Черные люди - Страница 120
— Да где ж она, та моя диадима?
— В Передней палате. Ждет гречин тебя, государь.
— Иди показывай. Царевич, беги!
Царь начал шевелиться, чтобы вылезти опять из-за стола, а боярин Хитрово так ринулся вперед в дверь, что длинные рукава его шубы змиями летели позади.
Царь, забыв уж про протопопа, осторожно спускал ноги с сафьянной скамейки, с которой соскочил царевич, потом медленно стал сползать с кресла, озабоченно обратив к Ртищеву довольный взор:
— Ты, Михайлыч, тово! Платить придется! Как там с Соболиной казной?
У царя даже щеки порозовели.
— Хватит ли? Боле двадцати тысяч, а?
— Хватит, государь! — с поклоном отвечал Ртищев. — Ну, с таможни возьмем… с Новгородской четверти!
— Так, так! А эдак, без диадимы, — говорил царь, — быть нам никак невозможно… Ежели Афанасий-то Лаврентьич[160] нам польский престол доспеет, как тогда без ее, без диадимы-то? А тут она уж и готова, диадима великого Констянтина-царя. А? Ха-ха!

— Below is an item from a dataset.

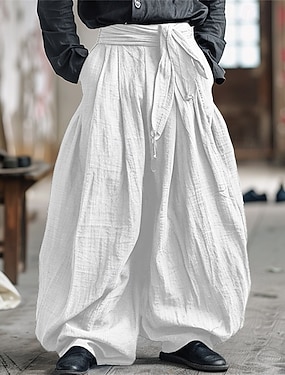 Per uomo Pantaloni di Lino Pantaloni Pantaloni Estivi Pantaloni Larghi Pantaloni da Spiaggia Elastico in vita Semplice Comodità Traspirante Vacanza Quotidiano Ferie Vintage Boho Bianco Blu marino
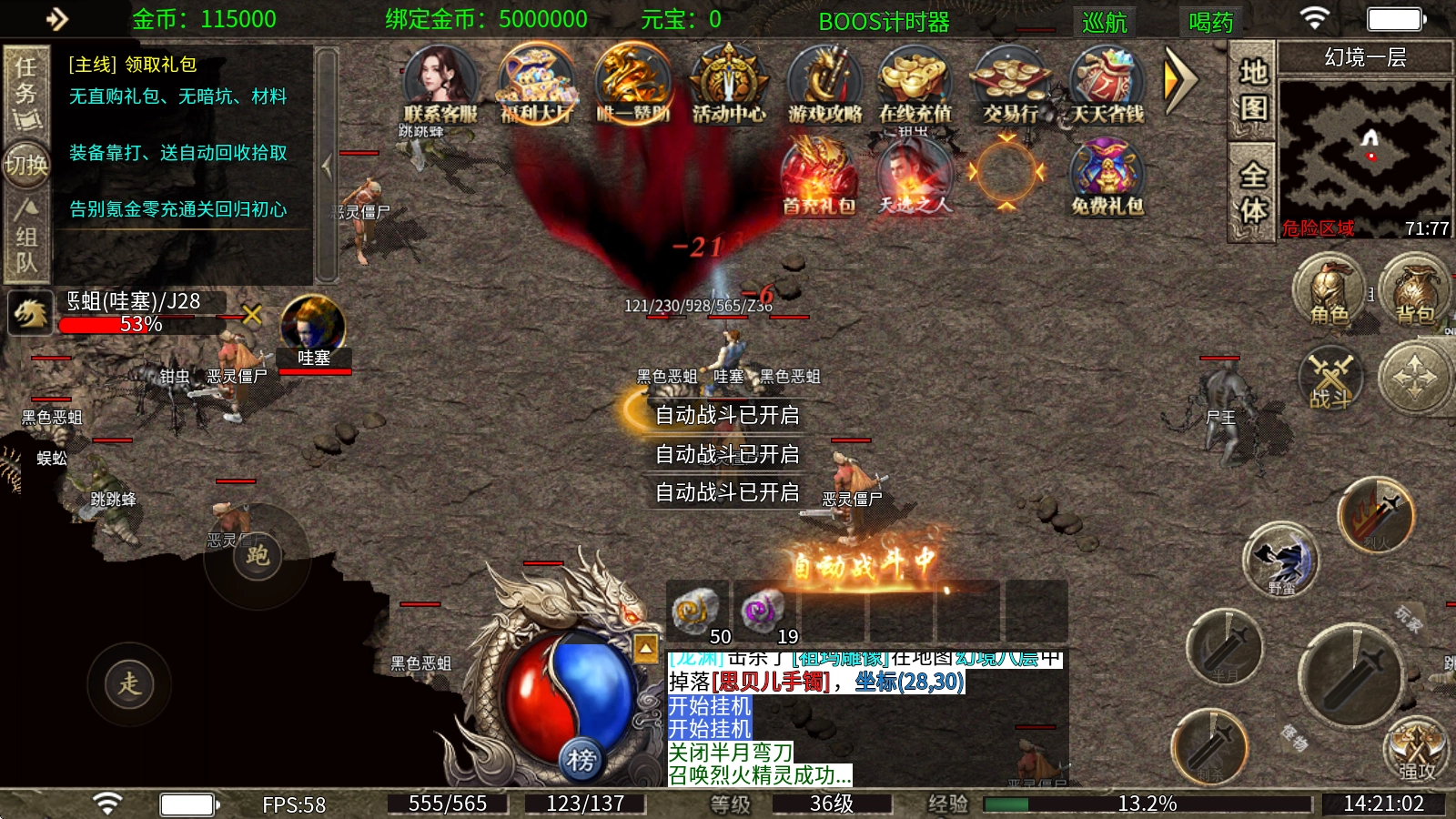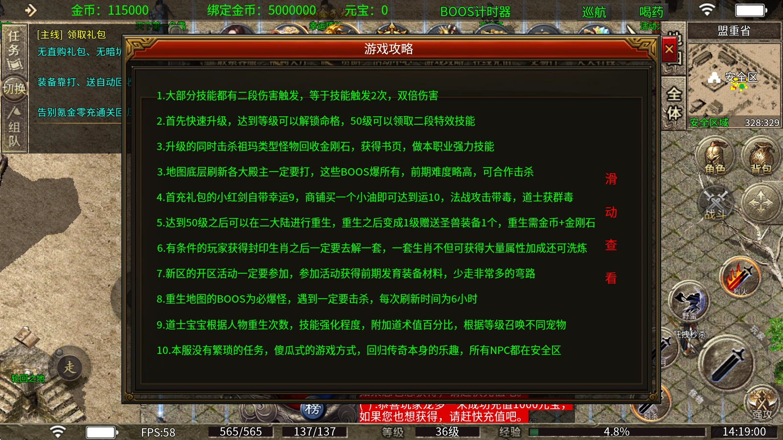 本服摒弃繁杂任务,采用简单易上手的游戏模式,让玩家重拾传奇最初的乐趣,所有NPC均设置在安全区内。

Царь постоял, двое стряпчих одернули на нем кафтан, подали посох, он было двинулся к выходу.
Тут вспомнил про Аввакума:
— Да, ты-то, протопоп… Сейчас-то мне неколи, а случится поговорить — я тебя кликну… Кликну… Ты где стоишь-то?
— У Тверских ворот, у…
Но царь не слушал.
— Ты того, протопоп, живи на подворье монастырском. В Кремле… Я кликну, кликну… Михайлыч, дай ему, протопопу, в шапку десять рублев… Прими, Христа ради!
Царь двинулся в Переднюю палату, сбоку к нему подскочили два стольника, два стряпчих, позади Ртищев, сзади двинулся по знаку Федора-боярина и протопоп…
Передняя палата примолкла, бояре, толкая друг друга, стояли вокруг небольшого поставца, крытого алым бархатом. Тут же стоял художник — высокий сутулый гречин с огромными черными глазами, с длинной узкой бородкой, в белом кафтане, тонконогий, в узких, шилоносых бархатных башмаках. Цветная отара бояр, примолкнув, бескостно блеснула выгнутыми спинами в низком поклоне, потом медленно стала выпрямляться, уставившись на лежащую на поставце золотую шапку.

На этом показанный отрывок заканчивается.